Faculty and Staff Directory
Research Concentration - Neurobiology
College of Arts and Sciences
Molecular motors carry out vital functions in all eukaryotic cells. One of these, cytoplasmic dynein, is critical during mitosis, migration and cellular trafficking events. We are characterizing the pathways that impinge on dynein function. One pathway involves a kinase, CDK5, and two cytoplasmic dynein interacting proteins, LIS1 and NDEL1. CDK5 phosphorylates NDEL1 and regulates its interaction with dynein and LIS1. We have evidence that this pathway is a positive regulator of cytoplasmic dynein activity. A second pathway involves another kinase, GSK3. This kinase is best known for its inhibition by insulin signaling.

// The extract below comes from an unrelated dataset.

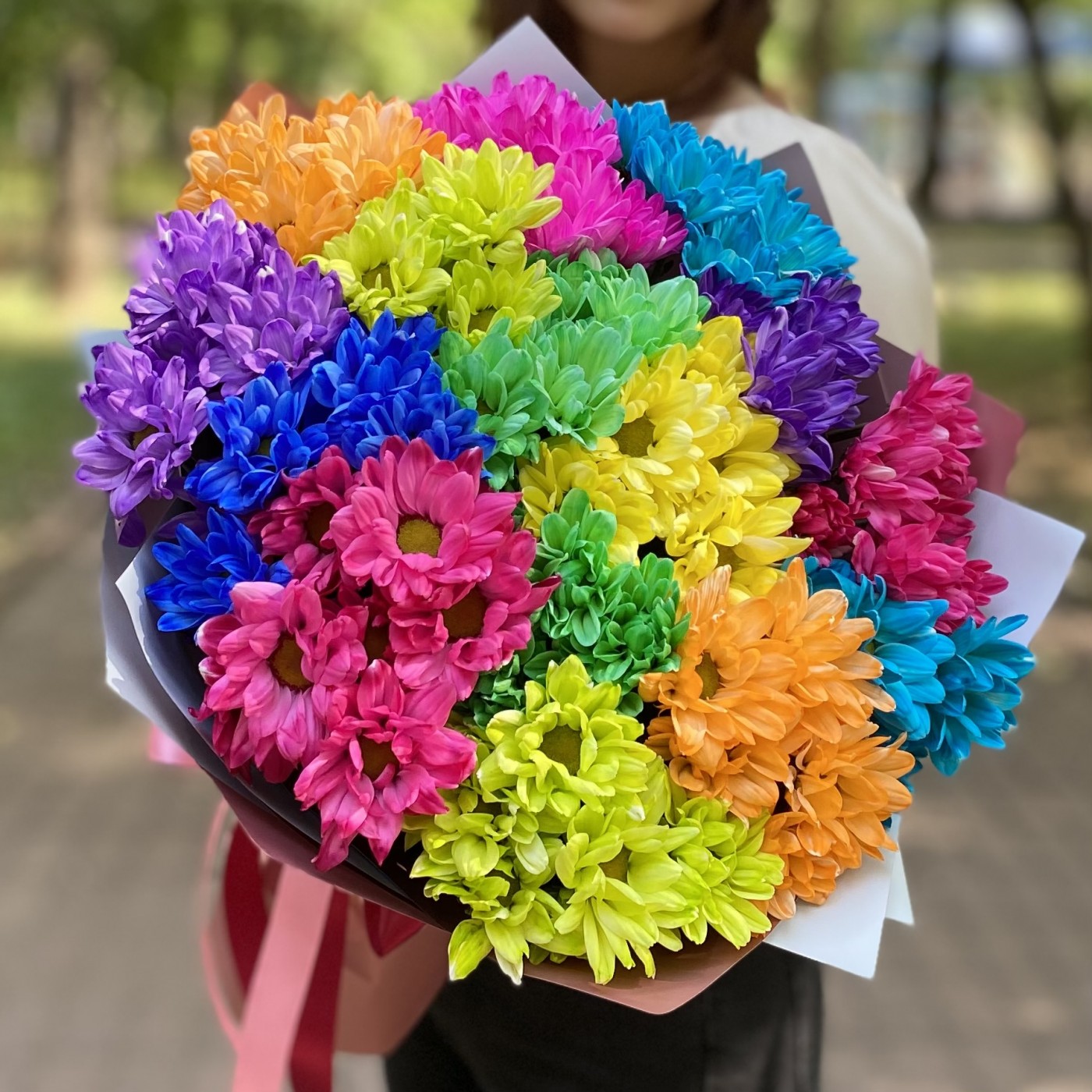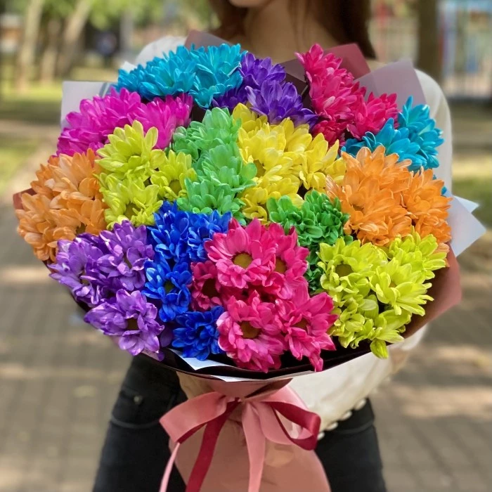Букет радужных кустовых хризантем

We find that GSK3 phosphorylates cytoplasmic dynein directly. This is an inhibitory event, leading to reduced NDEL1 binding and increased binding of cytoplasmic dynein to APC (adenomatous polyposis coli). Cancer-causing APC mutations that result in expression of a truncated APC protein disrupt this dynein-inhibitory pathway. We are currently investigating if and how these pathways cooperate to regulate motor activity in developing and mature neurons.
We are particularly interested in axonal transport of organelles and other cellular components, as disruption of this process occurs in a wide range of neurological disorders, including AD, ALS, Parkinson’s and Huntington’s diseases. Moreover, trafficking defects, in addition to the well-documented mitosis and migration defects, may contribute to a devastating childhood disorder caused by LIS1 haploinsufficiency (lissencephaly - smooth brain).